I’ve been submerging myself in Proverbs lately in order to gain some much-needed wisdom. My heart kept catching at different verses about different things, but a theme caught my eye. It’s a theme that has lent to me rediscovering myself; a theme that has allowed me to shed my burdens and dance in freedom. It’s a theme I had head-known but it had not quite made its way into my heart…until recently.
‘Trust in the Lord with all your heart and lean not on your own understanding; In all your ways acknowledge Him, and He will make your paths straight.’ – Proverbs 3:5-6
‘The heart of a man plans his way, but the Lord establishes his steps’ – Proverbs 16:9
‘A man’s steps are directed by the LORD. How then can anyone understand his own way?’ – Proverbs 20:24
As a take charge, type A, likes-to-be-in-control person, I thought I had to make all the plans myself once I heard the call. I thought it was up to me to figure out how to make it work since He was good enough to tell me the end goal. I saw it as a sort of test to see if I was dedicated enough, bold enough, smart enough, or just plain enough to get there.
And the worst part…I didn’t even realize I had been thinking like that!
If you’ve been around here for a while, you’d know that I don’t ask for help very easily and my self-sufficiency gets the best of me more often than not. So, I shouldn’t have been surprised that my default setting of putting the burden of figuring out the ‘how’ of my calling now that I have the ‘what’ isn’t how it’s supposed to be at all. (One day, I’ll remember that!)
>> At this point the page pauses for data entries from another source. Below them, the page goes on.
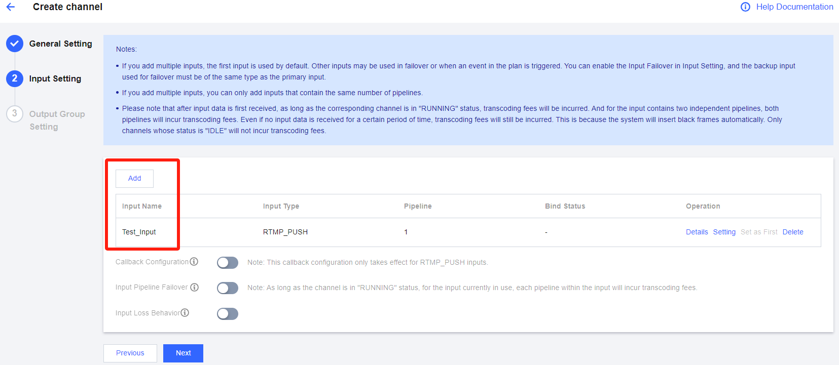5. In the Input Setting step, add the input you just created (you can add multiple inputs, for which you can configure different transcoding templates and outputs).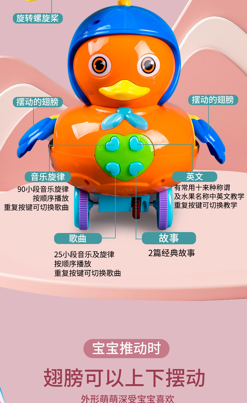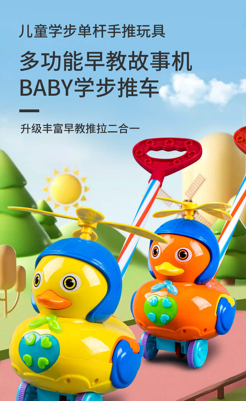 商品名称:婴儿学步车宝宝学走路手推卡通萌鸭升级音乐故事推推乐儿童玩具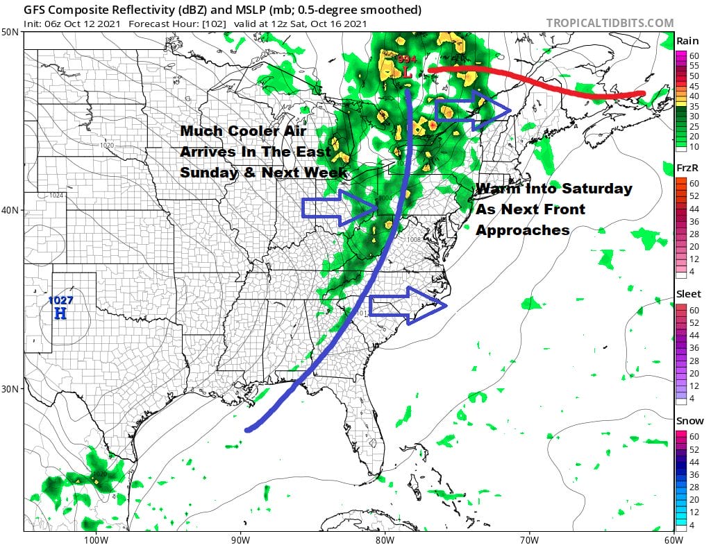 Sunday will be the better of the two weekend days as we will see sunshine but we will also see cooler than average temperatures. Highs will be in the 60s. The path from Canada opens up in the long range so that will bring a cooler flow and cold fronts coming through with more regularity. The dry weather pattern will continue into next week. Another front is likely around the middle of next week bringing even cooler air for the end of the next week. The pattern change will mean Autumn will finally gain some traction in the Northeast and Middle Atlantic states.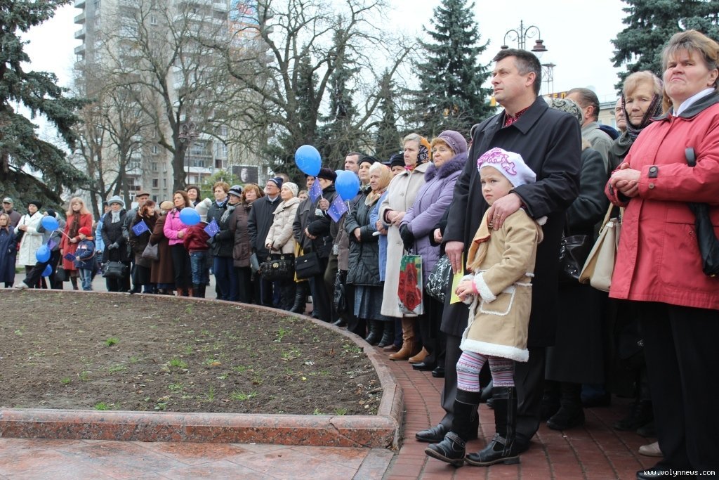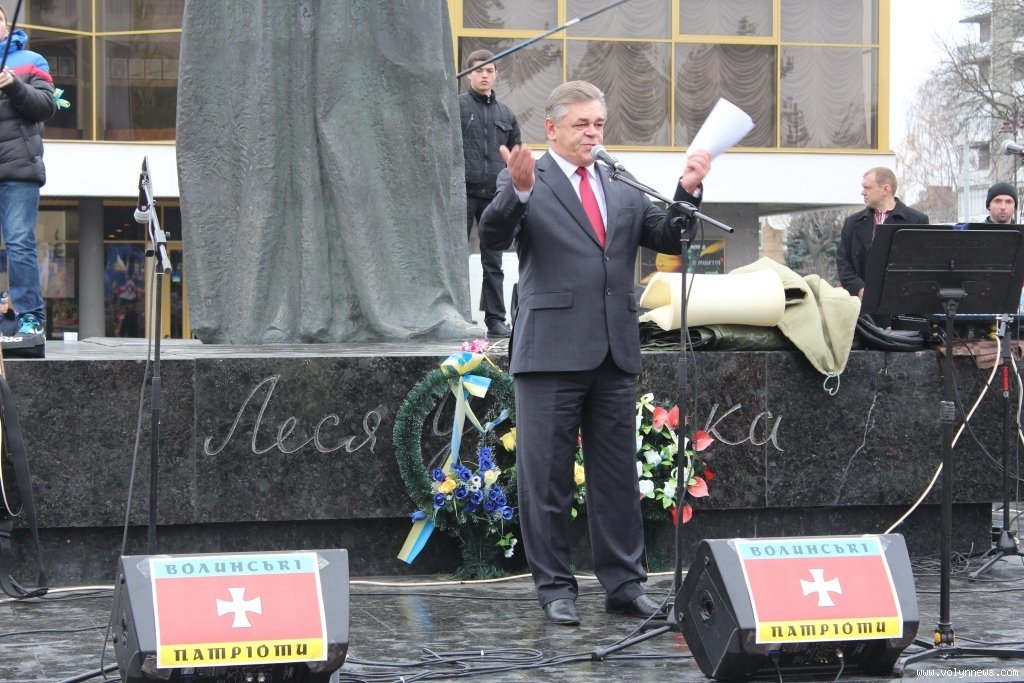 Першим з промовців виступив депутат Луцької міської ради Василь Гриб, який продекламував рядки з поезії великих українців Івана Франка та Тараса Шевченка.

So, when I read those verses my heart caught- it was the water in the scorched desert she had been searching, longing for. She made me stop and drink deeply from the truths of these verses.
It is not up to me.
It is NOT up to me.
It is not UP to me.
It is not up to ME.
I’m along for the ride. He is guiding my steps, my path, my future. He knows how it is going to work out, what it will look like, and when it will happen. I’m not in control nor am I expected to be in control. I just have to obey His voice and trust in His time. I don’t have to figure it all out because my God has already done all the leg work to get me to where He wants me in His perfect timing.
Do you know how freeing that is?!
I knew God had a purpose for my life and I knew He’d reveal it to me when I was ready. I had just
completely missed forgotten that He is in the details too. My heart finally understands that and she is rejoicing in the weight that has been taken from her.
So, tell me, how has God been revealing Himself to you lately?